Es, entre otros, el caso de los militantes, que proviniendo del
Partido Socialista francés, de la Izquierda Revolucionaria formada en torno a
Marceau Pivert, y que excluidos de la S.F.I.O. en el congreso de Royan, en
junio de 1938, fundaron el Partido Socialista Obrero Y Campesino, pálida imitación de una especie de P.O.U.M. en Francia. A los ojos de Trotsky, ésta
constituye la última y débil oportunidad del proletariado francés de forjar,
antes -de que sea demasiado tarde, su instrumento revolucionario, el embrión de
un partido de clase.
Ayudado por Alfred Rosmer -ha pasado mucho tiempo desde 1931, y su
fidelidad no ha quedado desmentida- se esfuerza en convencer a Marceau Pivert,
líder del nuevo partido, y a Daniel Guérin, portavoz de su ala izquierda.
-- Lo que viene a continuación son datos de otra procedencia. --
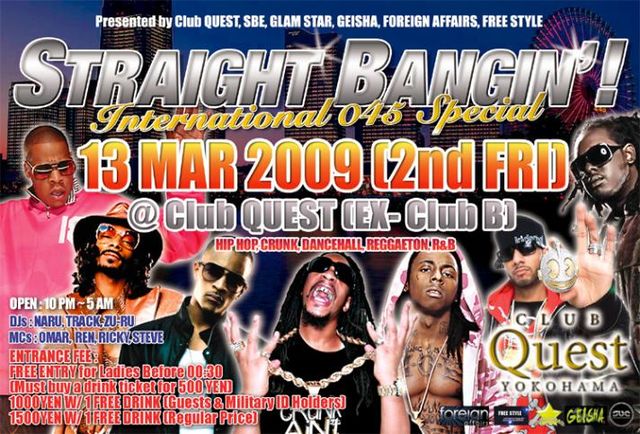 開催終了横浜Club QUESTにて今週の金曜日夜(3月13日)、最も熱いパーティーSTRAIGHT BANGIN’! 女性12時半まで入場無料(500円で1ドリチケを購入要)!!
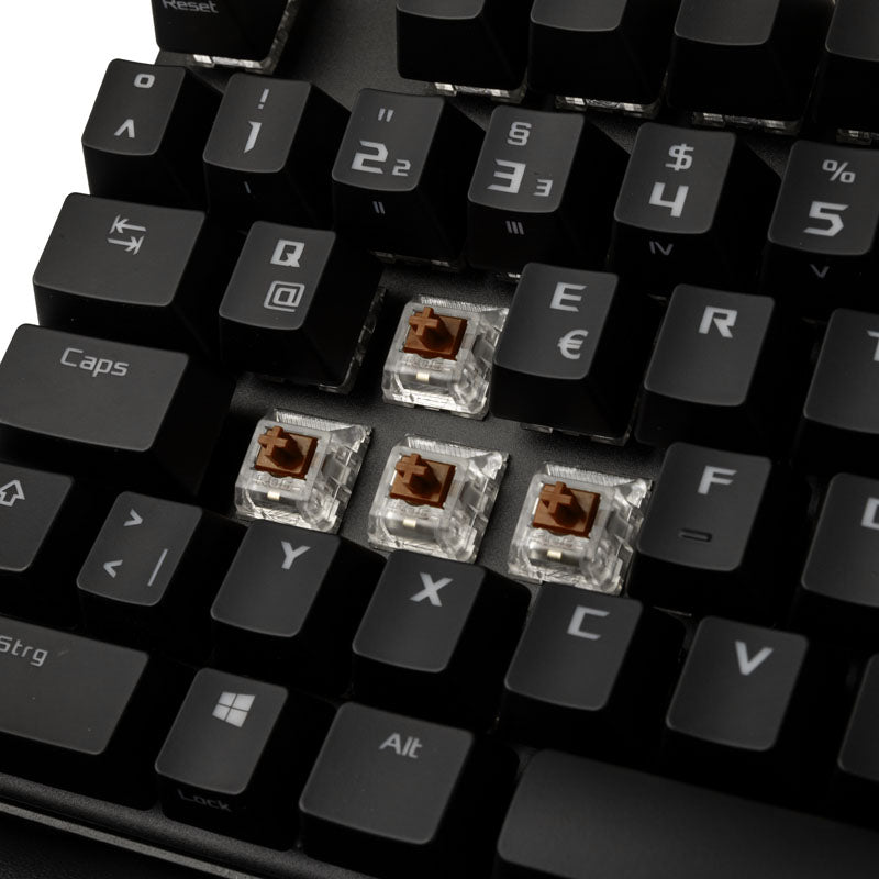 Die NX-Brown-Switches von ASUS bieten ein hervorragendes taktiles Feedback, das Ihnen hilft, präzise Eingaben zu tätigen und gleichzeitig ein angenehmes Tippgefühl zu gewährleisten. Mit dem kompakten TKL-Formfaktor ohne Nummernblock sparen Sie wertvollen Platz auf Ihrem Schreibtisch und haben mehr Freiheit für Ihre Mausbewegungen.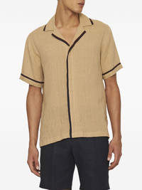 linen shirt Highlights - Beige - Front button fastening - Short sleeves - Contrasting trim - Straight hem Imported Composition Linen/Flax 100% Washing instructions Machine Wash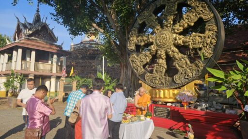 ซึ่งบรรยากาศงานช่วงเช้าวันนี้ พระครูสิทธิธรรมวิภัช เจ้าอาวาสวัดราชบูรณะพร้อมคณะ ได้ประกอบพิธีบวงสรวงหน้าธรรมจักรขนาดใหญ่ใต้ต้นโพธิ์ใกล้กับเจดีย์หลวง ก่อนที่ นายฐานุพงศ์ เจริญสุรภิรมย์ อดีตรอง ผวจ.พิษณุโลก พร้อมพุทธศาสนิกชนจะร่วมกันแห่กฐินรอบวิหารหลวงพ่อทองดำจำนวน 3 รอบ แล้วนำขึ้นไปประกอบพิธีบนศาลาการเปรียญ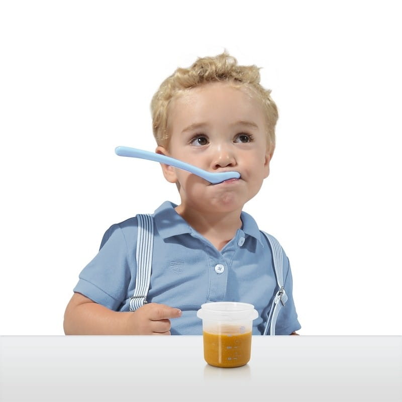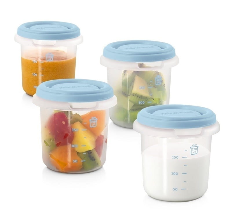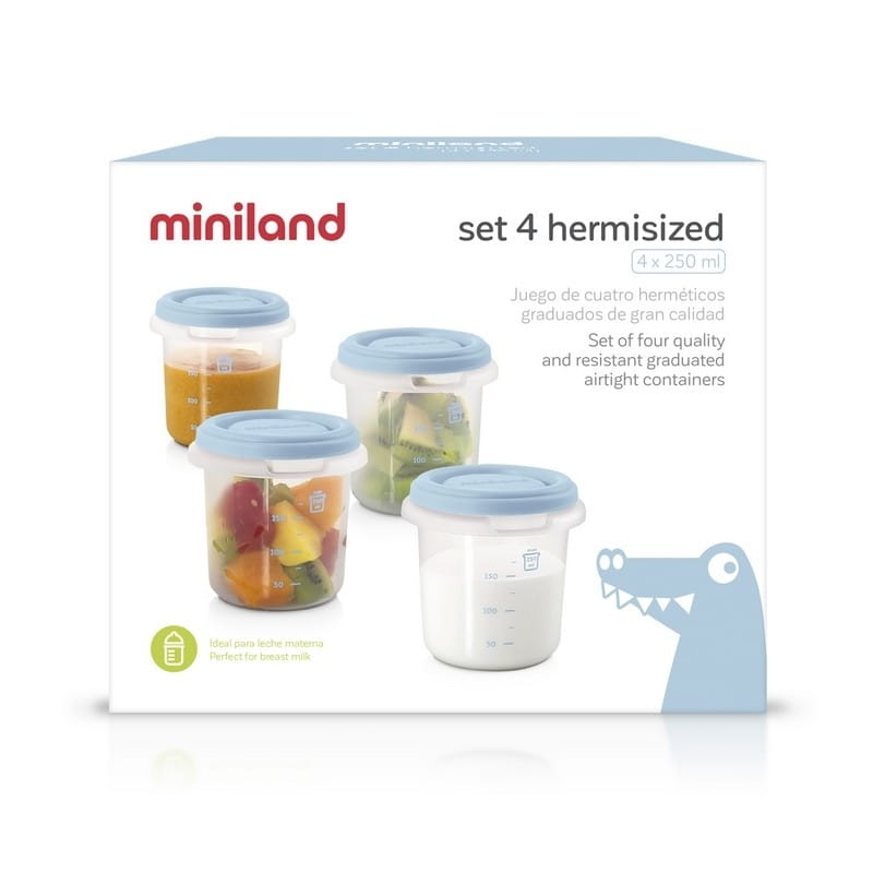 Jedzenie w pojemniku Miniland może być podgrzewane w mikrofali, zamrażane, a pojemnik wyparzany, sterylizowany, myty w zmywarce (za wyjątkiem pokrywki). Miarka pozwoli odmierzyć pożądaną ilość pokarmu.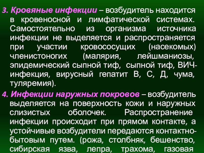 Самостоятельно из организма источника инфекции не выделяется и распространяется при участии кровососущих (насекомых) членистоногих (малярия, лейшманиозы, эпидемический сыпной тиф, сыпной тиф, ВИЧ-инфекция, вирусный гепатит В, С, Д, чума, туляремия).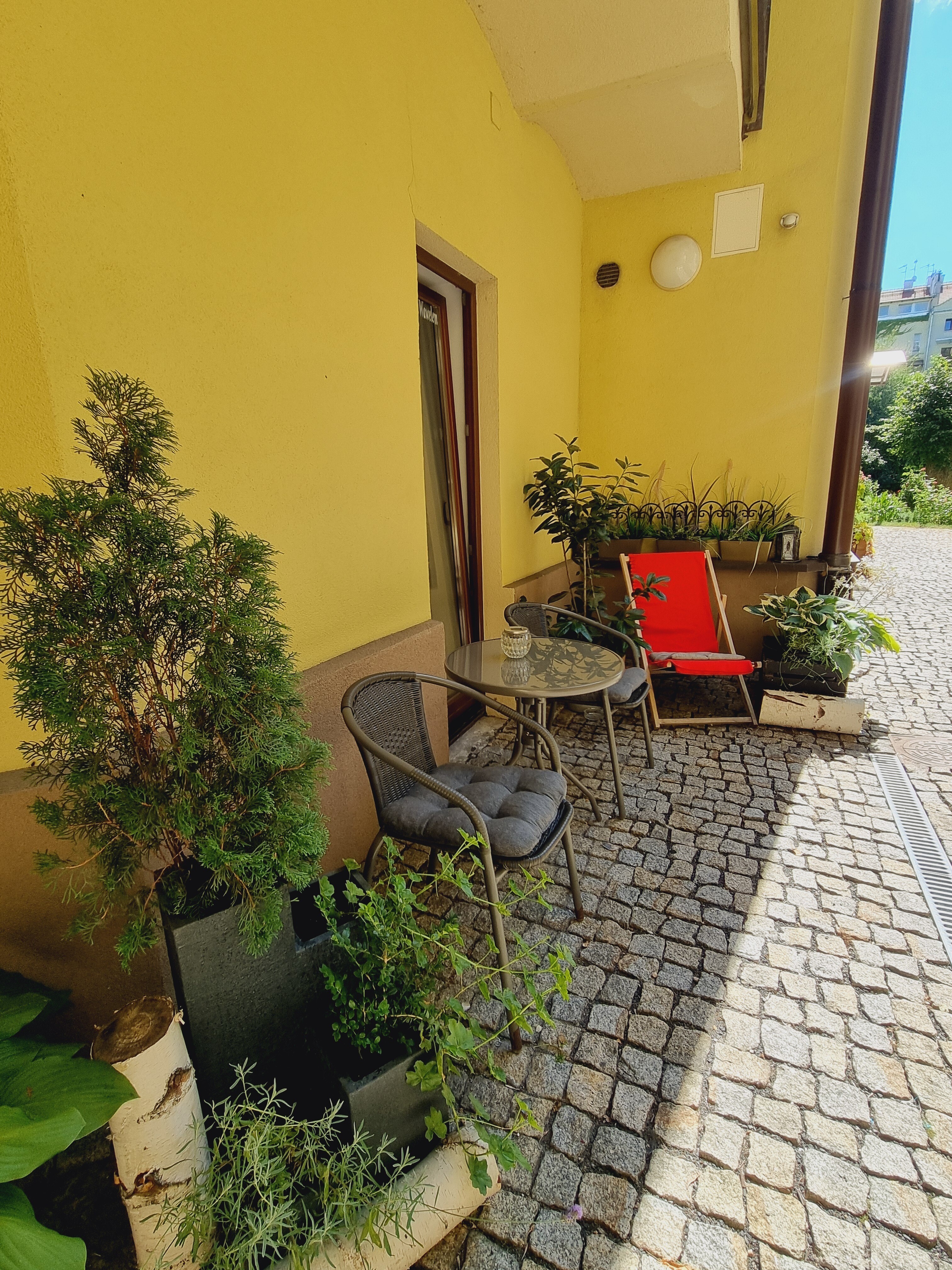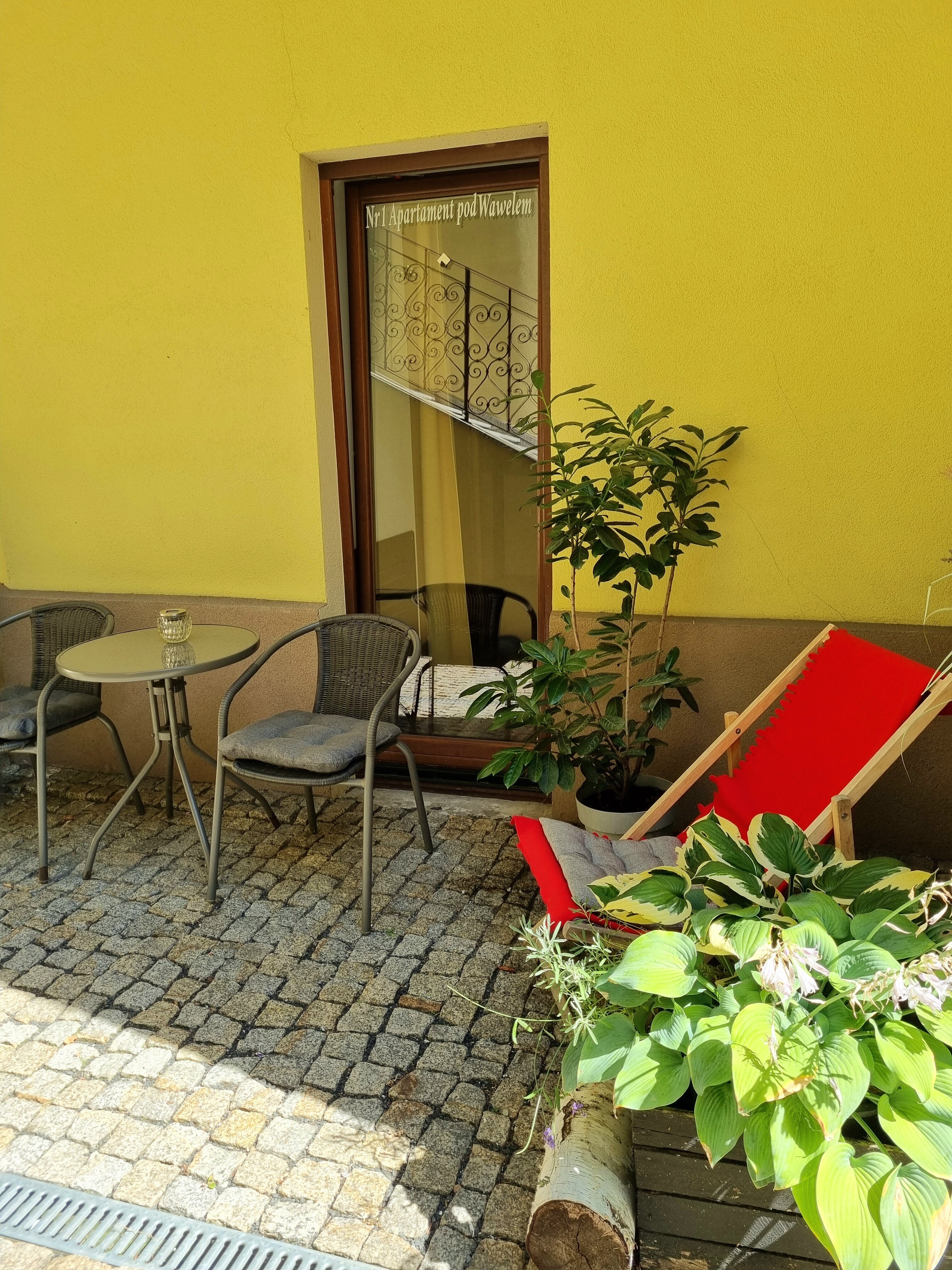 Goście tego apartamentu do swojej dyspozycji mają stolik z krzesłami na świeżym powietrzu z widokiem na wewnętrzny ogród kamienicy.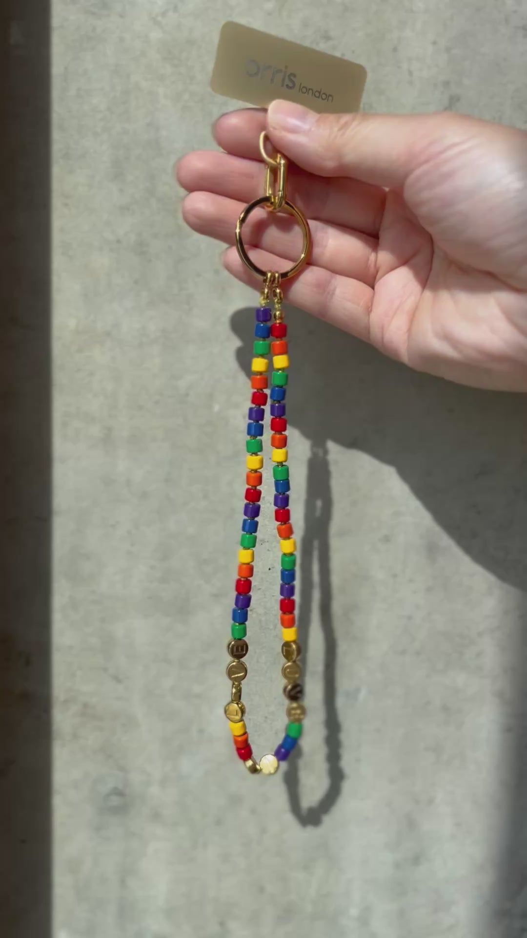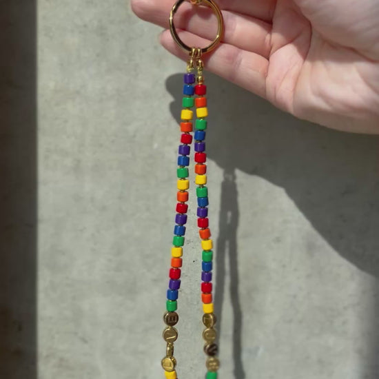 This hand-knotted phone strap features glossy enamel beads in the six rainbow colours, strung on a golden cord for a radiant, celebratory finish. Accented with gold-plated stainless steel beads engraved with Love is Love, it’s a tactile reminder of connection, care, and identity.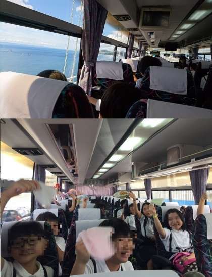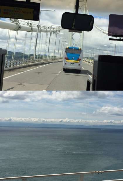 明石海峡大橋を渡っています。バスの中。クイズをしたり、のりのりで音楽を聴いたりしています。明石海峡大橋を渡るときは上からの眺めに大喜び!天気もよく、よい眺めです。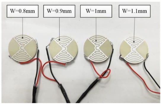 The electrode width is a key dimension. It determines the electric field strength of the sample. In the process of sample preparation, any errors in the width will impact the polarization of the piezoelectric materials. This will affect the piezoelectric performance of the sample. Therefore, the effect of electrode width on the displacements of LREs piezoceramic disk needs to be studied. Some LRE piezo samples were prepared. The electrode widths were 0.8 mm, 0.9 mm,1 mm and 1.1 mm. The electrode center distance was 1.6 mm. There were seven pairs of electrodes. The samples are shown in Figure 13.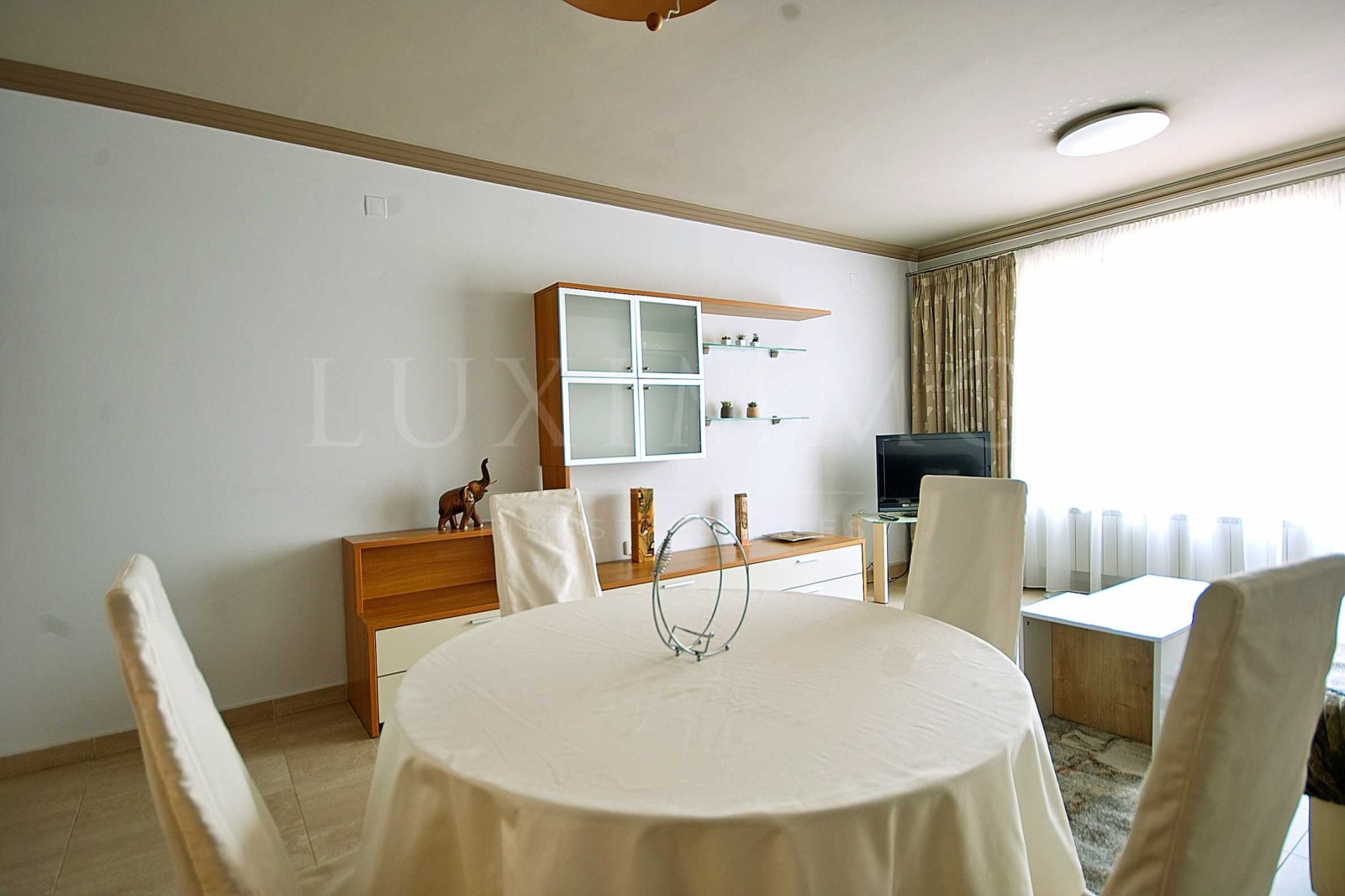 Представяме на вашето внимание обзаведен тристаен апартамент с просторна тераса, разположен на тиха улица зад МОЛ Сердика. Жилището е разположено на първи етаж над магазини и се състои от дневна с трапезрана част и кухненски бокс, две спални, баня с тоалетна , отделна тоалетна и обширна тераса от 50м2. Апартаменът е напълно обзаведен, с изключение на втората спалня, която може да бъде оборудвана по желание на клиента. Отоплението е на ТЕЦ , а в допълнение има и климатици. Апартаментът разполага със СОТ и външни електрически ролетни щори. Удобно местоположение на тиха улица зад МОЛ Сердика, на метри от улица Оборище и в близост до Докторска градина.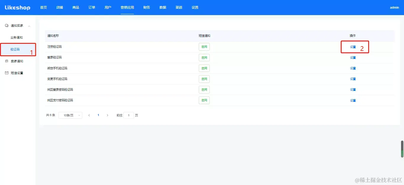 消息通知—短信设置:支持腾讯云、阿里云短信配置,如下图所示:

Siguiendo su costumbre, desarrolla sus argumentos con respecto al P.O.U.M., sus
errores, el carácter centrista de su política, su semejanza con Martov y la
corriente menchevique de izquierda. Evoca la historia del partido bolchevique
para explicar errores y derrotas, para mostrar que no se ha acabado la lucha y
que en el retroceso de la ola los revolucionarios deben encontrar, en el
análisis de sus errores, los medios para superarlos. Los dirigentes del
P.O.U.M., encarcelados desde hacia años, consiguen evadirse durante el desastre
de Cataluña, ayudados por los dirigentes del P.S.O.P., a los que aconsejarán de
aquí en adelante. Los nuevos dirigentes del P.O.U.M. defienden enérgicamente la
política de su partido durante la revolución, Ponen en guardia a Pivert y a sus
lugartenientes contra las tentativas por parte de los B.L. de combatirlos,
desarrollan los argumentos que desde entonces se harán famosos sobre el
«antitrotskismo de izquierdas»: el periódico del P.S.O.P. reproduce los
virulentos ataques de Kurt Landau, y Andrade prepara la edición de los
artículos y discursos de Andrés Nin sobre la revolución española. Trotsky no
conseguirá remontar la corriente. Además en 1939, con la guerra, desaparece el
P.S.O.P. y para muchos, incluso el recuerdo de las polémicas de la época de la
revolución y de la guerra civil.
Por última vez, en 1940, Trotsky trata el mayor problema en conjunto
que se le planteó a los revolucionarios españoles: el del partido
revolucionario. Los antiguos oposicionistas del P.C.F. que se han agrupado en
torno a la revista Que
faire? aprueban el folleto publicado en
1939 sobre España por un militante que regresa de allí, el polaco Borten. Es la
ocasión para Trotsky de retomar el problema de las relaciones entre el partido
revolucionario y la clase obrera, el de la dirección revolucionaria.
Estaba trabajando en ello, al día siguiente de la ocupación de París
por las tropas hitlerianas, cuando el asesino de la G.P.U.,. el español Ramón
Mercader, le abre el cráneo con un piolet, el 20 de agosto de 1940. De España
había llegado el primer equipo de asesinos, constituido en torno al pintor
mejicano, antiguo miliciano del 5º regimiento de Madrid, David
Alfaro Siqueiros. También de España vino Ramón Mercader, que al igual que estos
hombres, tras haber aprendido en España sus primeros pasos de asesinos de
revolucionarios en el extranjero, y a gran escala, prepararon la expedición
contra el exiliado de Coyoacán: encabezándola el siniestro Eitingon, que en
Madrid se había hecho llamar Kotov. Pero en 1940, para los asesinos de la
G.P.U., ya no existe la excusa «antifascista»: ya no hay antifascismo desde que,
en 1939 se firmó el pacto germano-soviético, desde que HitIer y Stalin
colaboran en una Europa donde se extiende la marea negra, desde que los mejores
comunistas rusos que han luchado en España, caen, a su vez, por orden de
Stalin. Pero todo esto, evidentemente, es una razón suplementaria para asesinar
a Trotsky. ¡Suprema ironía, el asesino será condecorado con la orden de Lenin!
Los sepultureros de la revolución en España han concluido por fin su trabajo:
Trotsky se reúne con Nin en la muerte.